Your task: In the records below, the lines between the one holding "自治區(qū)政協(xié)" and the one holding "つり フィッシング LUMICA】", inclusive, are to be transcribed exactly; no pictures are to be included.

*** Opening Data in this exercise ***

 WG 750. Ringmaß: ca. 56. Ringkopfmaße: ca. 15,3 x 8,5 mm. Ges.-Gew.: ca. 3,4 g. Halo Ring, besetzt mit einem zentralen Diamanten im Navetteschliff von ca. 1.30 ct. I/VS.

*** Closing Data in this exercise ***
*** Opening Data in this exercise ***

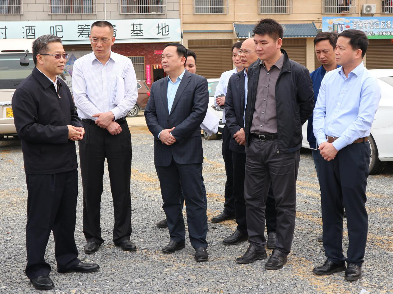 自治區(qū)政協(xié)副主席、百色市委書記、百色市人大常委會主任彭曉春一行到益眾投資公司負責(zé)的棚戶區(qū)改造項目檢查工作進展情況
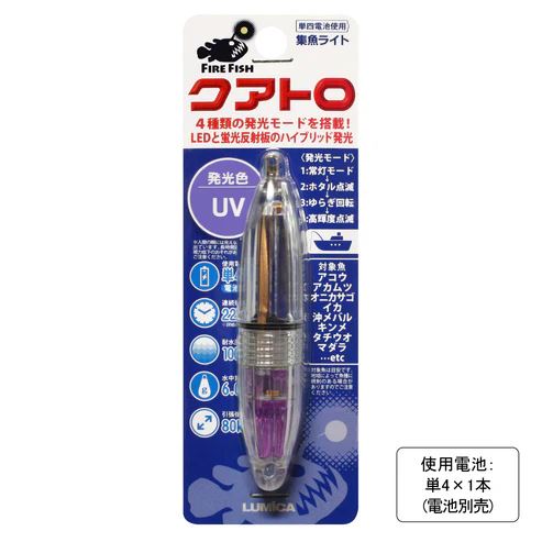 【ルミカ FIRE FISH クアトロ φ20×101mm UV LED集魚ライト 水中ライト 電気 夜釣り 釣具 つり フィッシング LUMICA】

*** Closing Data in this exercise ***

Problem solution:
 自治區(qū)政協(xié)副主席、百色市委書記、百色市人大常委會主任彭曉春一行到益眾投資公司負責(zé)的棚戶區(qū)改造項目檢查工作進展情況
 【ルミカ FIRE FISH クアトロ φ20×101mm UV LED集魚ライト 水中ライト 電気 夜釣り 釣具 つり フィッシング LUMICA】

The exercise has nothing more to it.